Desidero poi esprimere un pensiero augurale ai presbiteri che in questo anno 2020 ricorderanno il loro 60° anniversario di sacerdozio, mons. Giovanni Celi, p. Gaetano Clemente, p. Pantaleone Crescenti, p. Giacomo Fazio, p. Gaetano Murolo, mons. Angelo Oteri, p. Vito Spada e p. Agostino Irlandese; il loro 50° anniversario: p. Egidio Mastroeni, p. Giovanni Ioppolo, p. Fortunato Malaspina, p. Giovanni Turrisi ofm capp, p. Giuseppe Pollichino tor; il loro 25° anniversario: p. Antonio Calabrò, p. Giuseppe Currò, mons. Giuseppe La Speme, p. Giuseppe Lonia, p. Giovanni Pelleriti, p. Giovanni Saccà, p. Antonio Salvo, p. Roberto Scolaro, p. Massimo Cucinotta tor, p. Vincenzo Pisano sdb.

Vorrei anche ricordare, come se fossero qui presenti, i sacerdoti che non ci hanno potuto raggiungere per l’età, per la malattia o per la distanza. A loro va un particolare pensiero nella preghiera che ci fa sentire una sola cosa.

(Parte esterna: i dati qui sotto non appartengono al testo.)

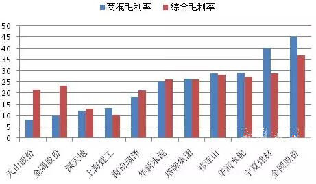 圖2:各企業(yè)2016年商混業(yè)務(wù)毛利率與公司整體毛利率水平比較(%)
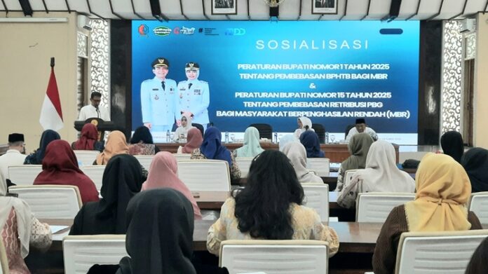 Badan Pendapatan Daerah (BAPENDA) Bojonegoro, mesosialisasikan Peraturan Bupati (Perbup Nomor 1 Tahun 2025 tentang Pembebasan BPHTB bagi MBR (Masyarakat Berpenghasilan Rendah) dan Peraturan Bupati Nomor 15 tentang pembebasan retribusi PBG, Rabu (22/10/2025).
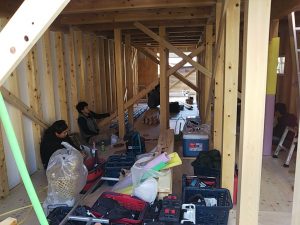 3階の床に差し掛かったところで昼食タイム。大工さんたちはさすがに動き詰めで少し暑かったと見え、日影になる場所で休みます。それでもしばらくすると寒くなってきて、日向へ移動していました。
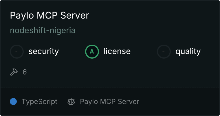 curl -X GET 'https://glama.ai/api/mcp/v1/servers/nodeshift-nigeria/paylo-mcp-server'
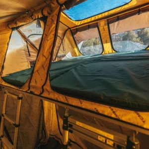 The Mt. Shasta tent is designed for ‘two plus,’ meaning it can comfortably sleep two adults plus a dog or smaller child, especially if you opt for the extended version. It can still easily fit on all trucks, trailers, and SUVs, as well as most cars. An annex adds extra space beneath the tent for changing, cooking, storing gear, or sleeping.
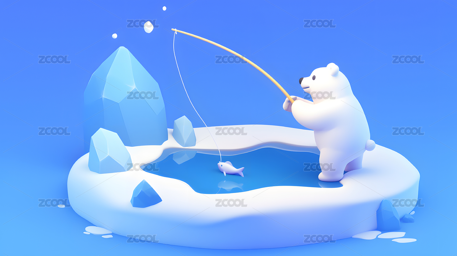 北极熊钓鱼
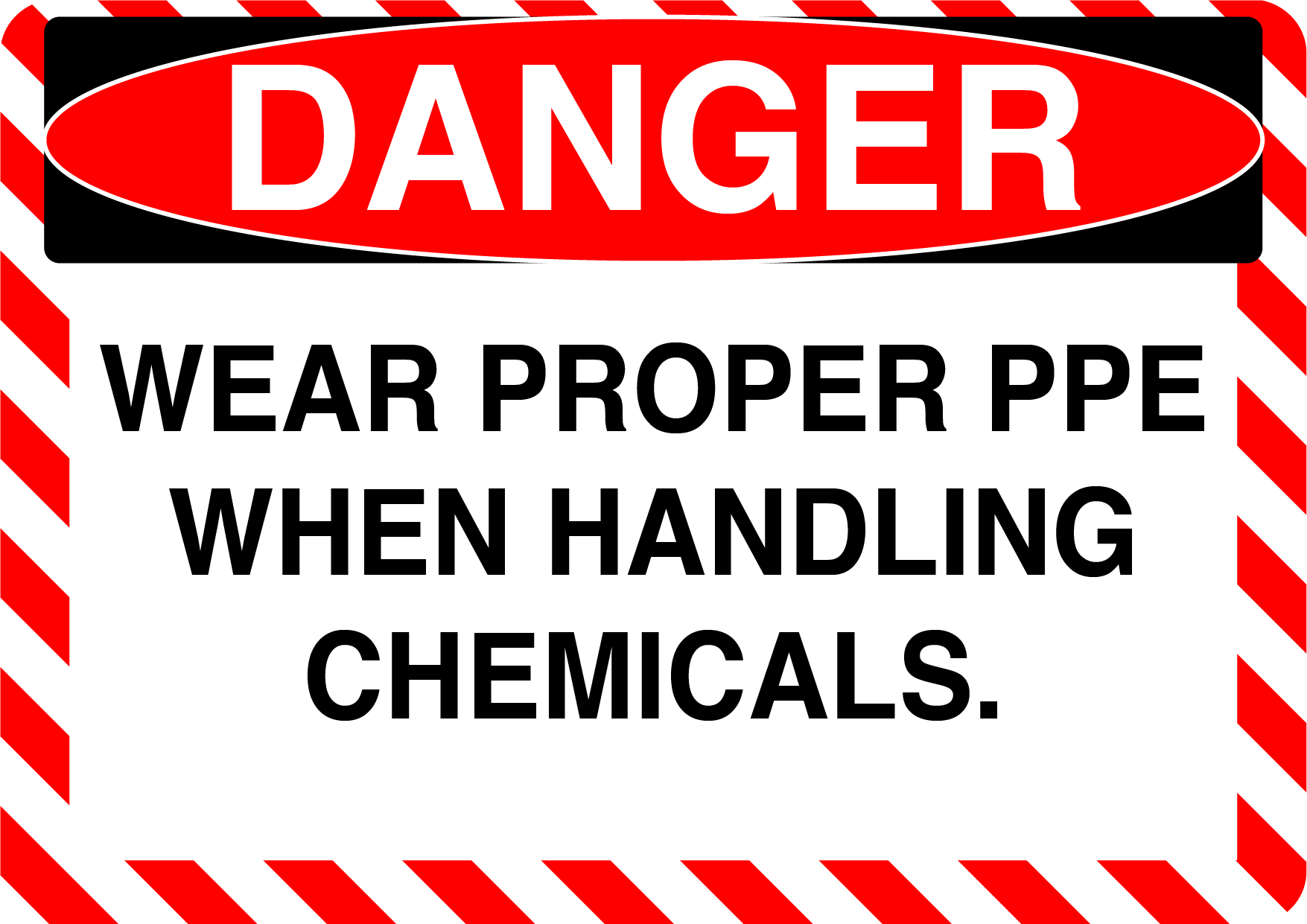 Danger "Wear Proper PPE When Handling Chemicals" Durable Matte Laminated Vinyl Floor Sign- Various Sizes Available

Oggi ricorre inoltre l’anniversario in cui è stata resa pubblica la nomina di Mons. Cesare di Pietro, che ringrazio per l’augurio iniziale.

Invito tutti a pregare per i nostri fratelli defunti e per questi nostri fratelli che rinnoveranno nella fedeltà la gioia e l’amore nel servire il Signore.

La Vergine Maria, Madre della Lettera, Veloce Ascoltatrice, ci sostenga nelle difficoltà della vita, ci preservi da ogni male e ci dia la gioia di una fraternità sacerdotale sempre più feconda di grazie per il popolo a noi affidato.